### [EXERCISE DIRECTIONS]
Reproduce the listing word for word. Skip any image.

### [RECORDS SUPPLIED]
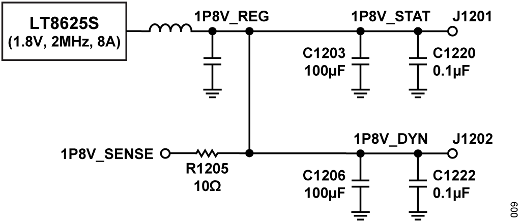 The details of the 1.0 V and 1.8 V connections are shown in Figure 8 and Figure 9 respectively. The filters have been simplified to only bypass capacitors close to the DUT as possible.
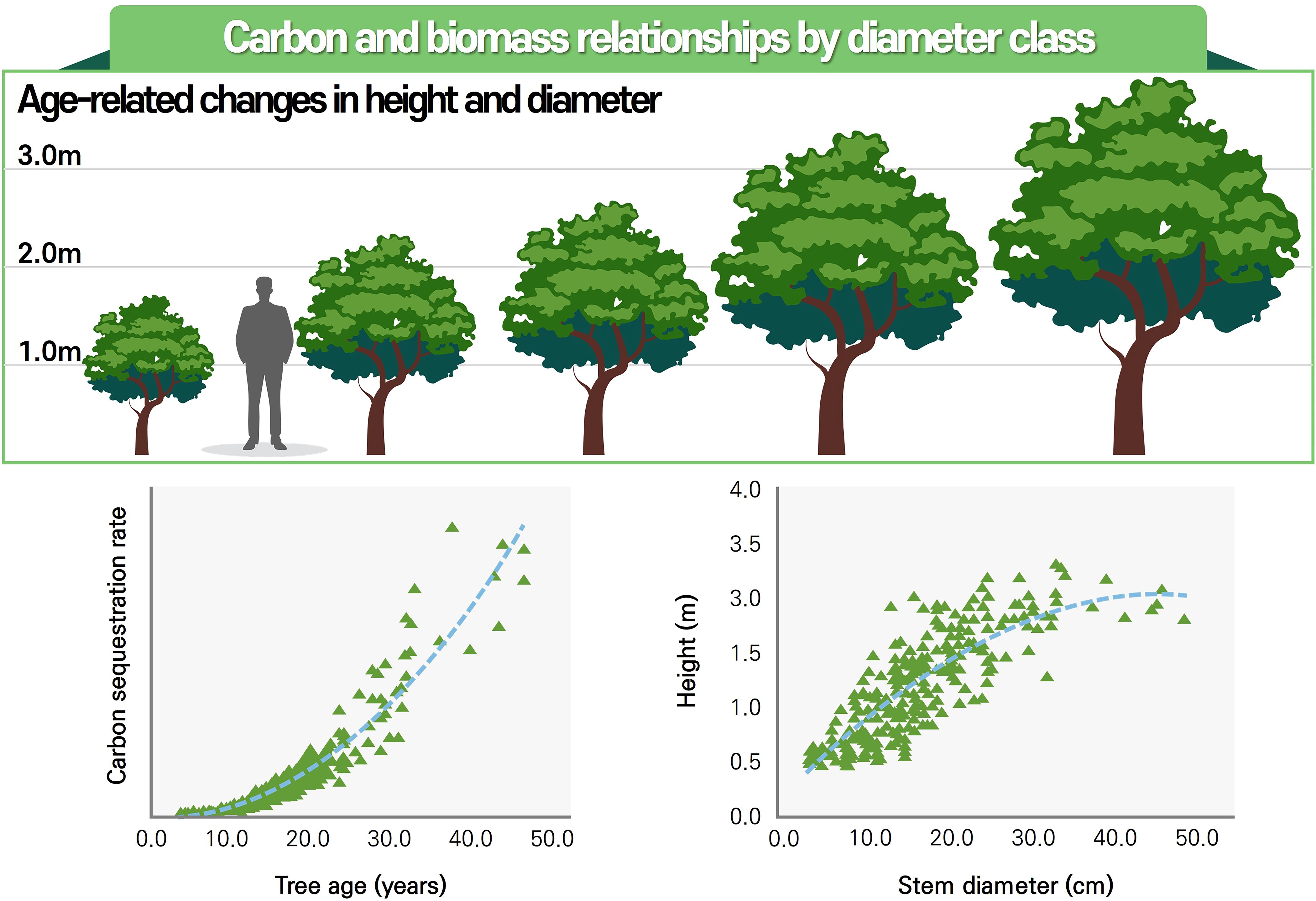 Among the tools used in Tier 2 estimation, allometric equations are particularly essential. These equations define relationships between readily measurable biometric variables—such as diameter at breast height (DBH), tree height, and canopy volume—and aboveground biomass, thereby enabling non-destructive estimation of carbon stocks. This approach is widely regarded as one of the most reliable methods for quantifying carbon at both the individual tree and site scales (Ioannidou et al., 2025; Walker et al., 2016). Figure 2 shows how tree diameter and height change across developmental stages, and how these biometric attributes are used in allometric modeling to estimate biomass and carbon stocks. The bottom panels depict the application of power function–based regression models that relate stem diameter to aboveground biomass accumulation. This visual integration helps reinforce the empirical basis of carbon estimation methods under Tier 2 and Tier 3 approaches.
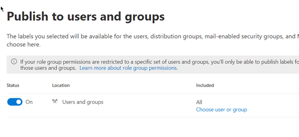 Under the publish to users and groups, select the users you want to receive the labels.
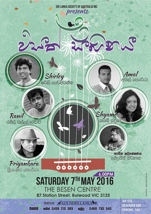 Music Concert – Wasath Sihinaya Last updated: May 4, 2016 11:01 am By admin Share 0 Min Read SHARE Music Concert – Wasath Sihinaya Share This Article Email Copy Link Print Previous Article “DEEZONE” with DAMIAN Next Article Appeal for HARSHINI FacebookLikeYoutubeSubscribeLinkedInFollow Most Read “A PICTURE SPEAKS A 1000 WORDS” – By Des Kelly A Life Hack for when we’re Burnt Out & Broken Down – By Uma Panch Narration of the History of our Proud Ancestral (Orang Jawa) Heritage. by Noor R. Rahim eLanka Marriage Proposals Noel News Noel News- By Noel Whittaker EILEEN MARY SIBELLE DE SILVA (nee DISSANAYAKE) – 29 September 1922 – 6 April 2018 – A Woman of Value an Appreciation written by Mohini Gunasekera K.K.S. Cement Factory Dr.Harold Gunatillake’s 90th Birthday party Cricket: Sri Lanka’s women’s squad in Melbourne - Advertisement -
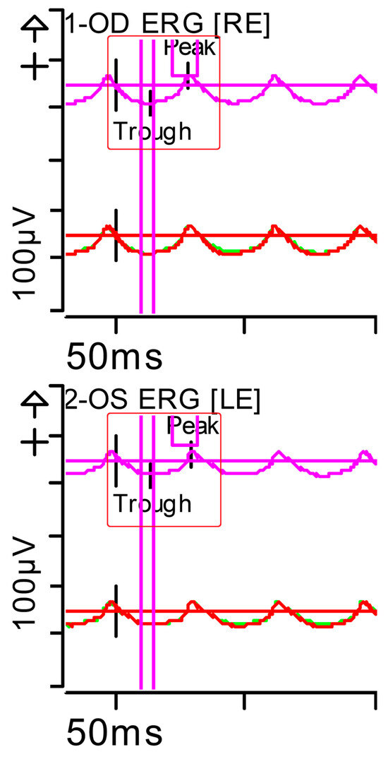- Robson, A.G.; Frishman, L.J.; Grigg, J.; Hamilton, R.; Jeffrey, B.G.; Kondo, M.; Li, S.; McCulloch, D.L. ISCEV Standard for full-field clinical electroretinography (2022 Update). Doc. Ophthalmol. 2022, 144, 165–177. [Google Scholar] [CrossRef] [PubMed]

### [ANSWER AREA]
 The details of the 1.0 V and 1.8 V connections are shown in Figure 8 and Figure 9 respectively. The filters have been simplified to only bypass capacitors close to the DUT as possible.
 Among the tools used in Tier 2 estimation, allometric equations are particularly essential. These equations define relationships between readily measurable biometric variables—such as diameter at breast height (DBH), tree height, and canopy volume—and aboveground biomass, thereby enabling non-destructive estimation of carbon stocks. This approach is widely regarded as one of the most reliable methods for quantifying carbon at both the individual tree and site scales (Ioannidou et al., 2025; Walker et al., 2016). Figure 2 shows how tree diameter and height change across developmental stages, and how these biometric attributes are used in allometric modeling to estimate biomass and carbon stocks. The bottom panels depict the application of power function–based regression models that relate stem diameter to aboveground biomass accumulation. This visual integration helps reinforce the empirical basis of carbon estimation methods under Tier 2 and Tier 3 approaches.
 Under the publish to users and groups, select the users you want to receive the labels.
 Music Concert – Wasath Sihinaya Last updated: May 4, 2016 11:01 am By admin Share 0 Min Read SHARE Music Concert – Wasath Sihinaya Share This Article Email Copy Link Print Previous Article “DEEZONE” with DAMIAN Next Article Appeal for HARSHINI FacebookLikeYoutubeSubscribeLinkedInFollow Most Read “A PICTURE SPEAKS A 1000 WORDS” – By Des Kelly A Life Hack for when we’re Burnt Out & Broken Down – By Uma Panch Narration of the History of our Proud Ancestral (Orang Jawa) Heritage. by Noor R. Rahim eLanka Marriage Proposals Noel News Noel News- By Noel Whittaker EILEEN MARY SIBELLE DE SILVA (nee DISSANAYAKE) – 29 September 1922 – 6 April 2018 – A Woman of Value an Appreciation written by Mohini Gunasekera K.K.S. Cement Factory Dr.Harold Gunatillake’s 90th Birthday party Cricket: Sri Lanka’s women’s squad in Melbourne - Advertisement -
- Robson, A.G.; Frishman, L.J.; Grigg, J.; Hamilton, R.; Jeffrey, B.G.; Kondo, M.; Li, S.; McCulloch, D.L. ISCEV Standard for full-field clinical electroretinography (2022 Update). Doc. Ophthalmol. 2022, 144, 165–177. [Google Scholar] [CrossRef] [PubMed]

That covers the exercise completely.